В августе 1985-го Рональда Пелтона выдал со всеми потрохами советский перебежчик Виталий Юрченко. А уже следующим летом, несмотря на скудость улик, суд присяжных признал Пелтона виновным и усадил его на три пожизненных срока.
Тут надо сказать начистоту, что эти персонажи, как и несколько других позорно известных фигур, омрачали репутацию Агентства гораздо сильнее, чем случаи прямого недоверия со стороны правительства. (Во время вьетнамской войны Агентством были добыты абсолютно корректные данные о численности вооруженных сил Северного Вьетнама и партизан Вьетконга, но правительство поверило неточным расчетам Пентагона, а докладом NSA пренебрегло.) Впрочем, все Данлапы и Пелтоны, быстро сошедшие со сцены, были, можно сказать, овечками и ангелами на фоне предателя со съедобной фамилией Ризотто, который уходить со сцены отнюдь не собирался.
Кадровый агент-нелегал Альберто Ризотто, пять лет выполнявший специальные задания в Юго-Восточной Азии, успел натворить многое.

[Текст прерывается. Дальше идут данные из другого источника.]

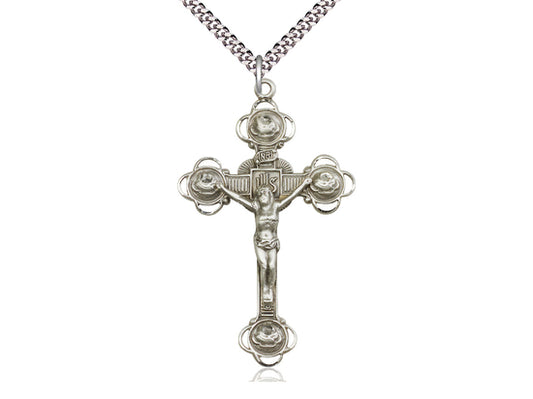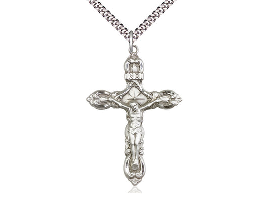 Sterling Silver Crucifix Pendant on a 24 inch Light Rhodium Heavy Curb Chain.
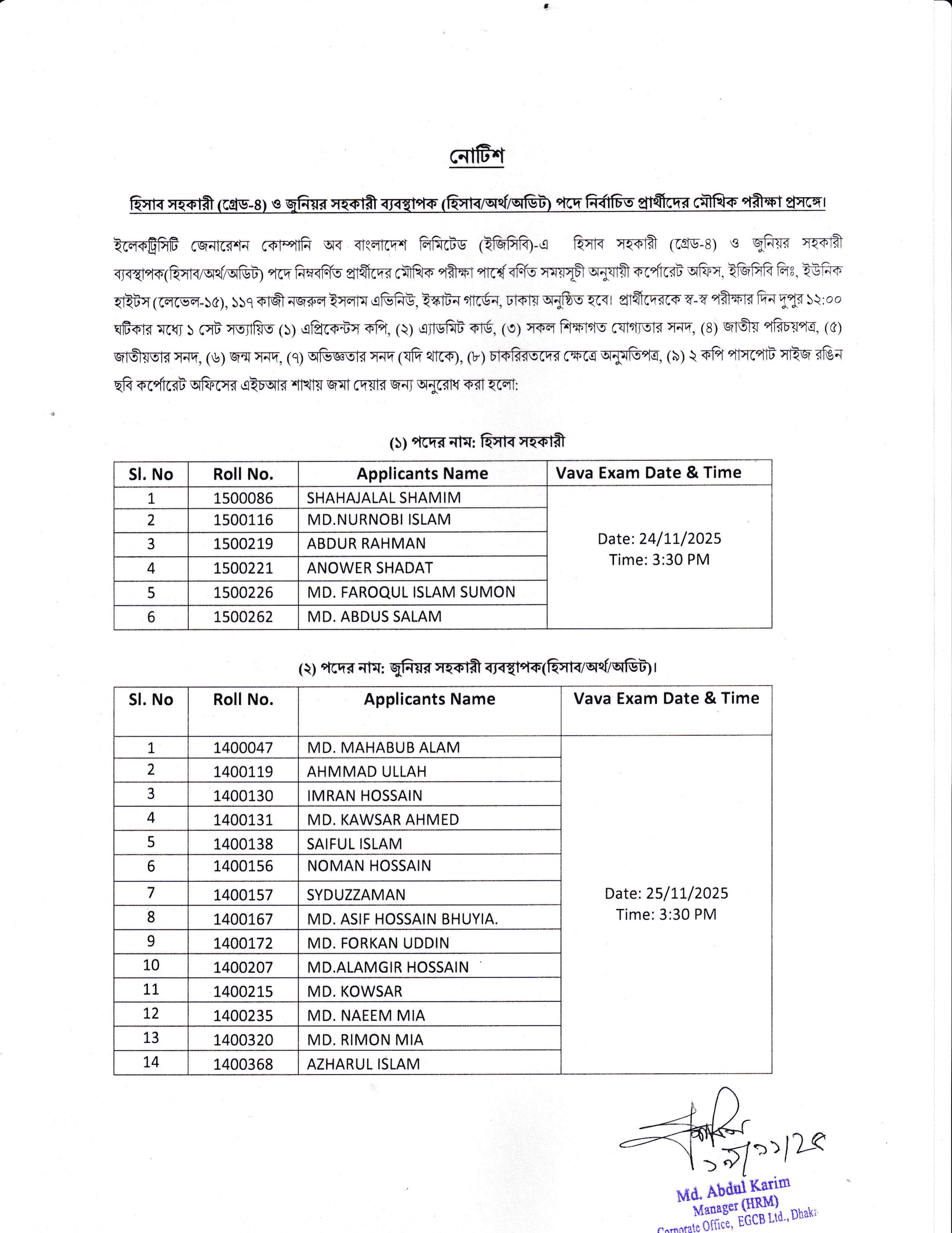 ইলেকট্রসিট জেনারেশন কোম্পানি অব বাংলাদেশ লিমিটেড (ইজিসিবি)-এর হিসাব সহকারী (গ্রেড-৪) এবং জুনিয়র সহকারী ব্যবস্থাপক (হিসাব/অর্থ/অডিট) পদে নির্বাচিত প্রার্থীদের মৌখিক পরীক্ষার সময়সূচী প্রকাশিত হয়েছে।
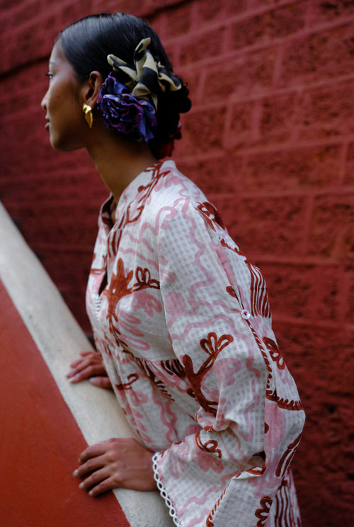 We believe customers have a right to know how their product was made. 3.25 metres of handloom fabric sourced from West Bengal has been used for this piece. Hand printed by our artisans in Jaipur, manufactured in our workshop at Pune India.

Он с удовольствием позволил завербовать себя еще двум разведкам -российской и северокорейской. Он целиком присвоил тяжеленькую сумму, выделенную для одной дорогостоящей операции в Гонконге. Не было секретом пристрастие Ризотто к девочкам самых нежных возрастов. Но в последние два года полицейские Бангкока и Сингапура все чаще нарывались на исковерканные тела малолетних проституток, уведенных накануне мосластым невысоким европейцем с типичной туристской внешностью: черные очки, панама, линялые мятые шорты, цветастая рубашка навыпуск, дорогая фотокамера на животе. Мертвые девочки выглядели как использованные хирургические салфетки.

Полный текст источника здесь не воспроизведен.